Par exemple, Jacques Friedman, un de mes amis et un fidèle de Jacques Chirac, me disait dans les années 1980 qu’il fallait privatiser non seulement les entreprises nationalisées par Mitterrand, mais aussi celles nationalisées en 1945. Il m’avait alors demandé quelle banque était la plus prête à être privatisée. À l’époque, la seule avec laquelle le risque pouvait être pris selon moi était la Société Générale. Elle a ainsi été privatisée immédiatement, remettant en cause les décisions de 1945 sur lesquelles il y avait, jusqu’en 1980, quasiment un consensus.

Le changement majeur a eu lieu à ce moment. C’était un effet de mode classique : ce que font les Américains, les Français novateurs l’imitent. Quand les États-Unis sont devenus fondamentalistes à la sauce Reagan, la droite française a aussitôt suivi. J’ai été stupéfait quand Jacques Chirac, alors Premier ministre de François Mitterrand, a adopté ces thèses laisser-fairistes. Cela ne correspondait pas à son tempérament volontariste.

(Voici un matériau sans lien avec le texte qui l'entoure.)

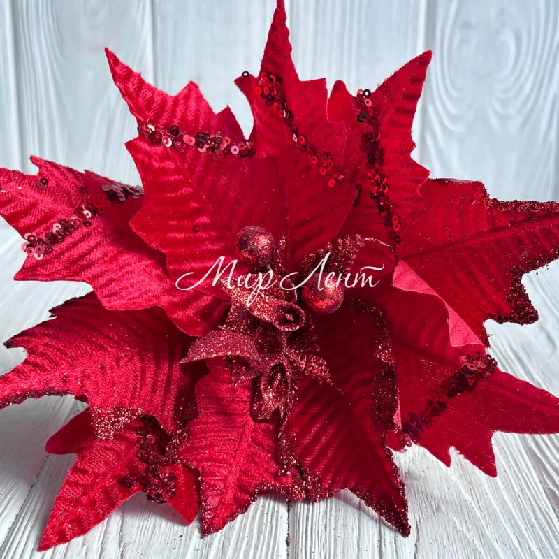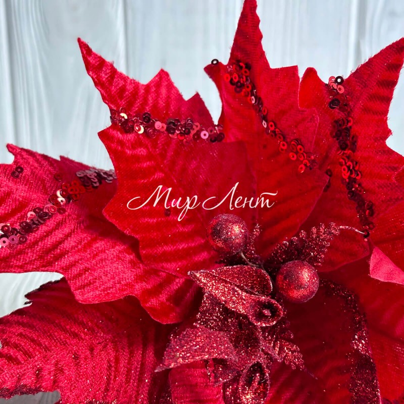 Пуансеттія бархатна (С30262), 26х30 см, червона, шт.
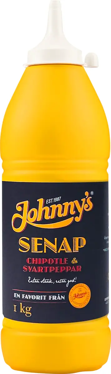 Johnnys Senap Chipotle & Svartpeppar är en hetlevrad och spännande senap! En intensiv hetta väcker smaklökarna till liv när pepparfrukterna blixtsnabbt anger sin närvaro. 1987 började Johnny göra sin karaktärsfulla senap som tillverkas lokalt i vår senapsfabrik i Eslöv. Smakar gott som het sås till kött eller fisk eller som smaksättare i marinader eller grytor. Senapen passar också bra i en het majonnäs.

Mais la gauche est loin d'être innocente dans le développement du fondamentalisme de l'économie de marché. Lorsque j’étais encore directeur du Trésor, sous Jacques Delors, à l’automne 1981, nous gérions le dossier des nationalisations. Jacques Delors me demande de lui proposer une réforme à mettre en œuvre rapidement. Je lui propose la dématérialisation des titres parce qu’à l’époque, on continuait à couponner, c’est-à-dire que, sur les obligations en papier, on détachait des coupons.

J’avais déjà proposé cette réforme deux ans avant, à René Monory qui l’avait refusé, persuadé que les épargnants seraient perturbés dans leurs habitudes. Or, sous Jacques Delors, cette réforme est passée comme une lettre à la poste : c’est donc la gauche qui a permis la dématérialisation des titres.

Propos recueillis par Olivier Berruyer, le 3 janvier 2013.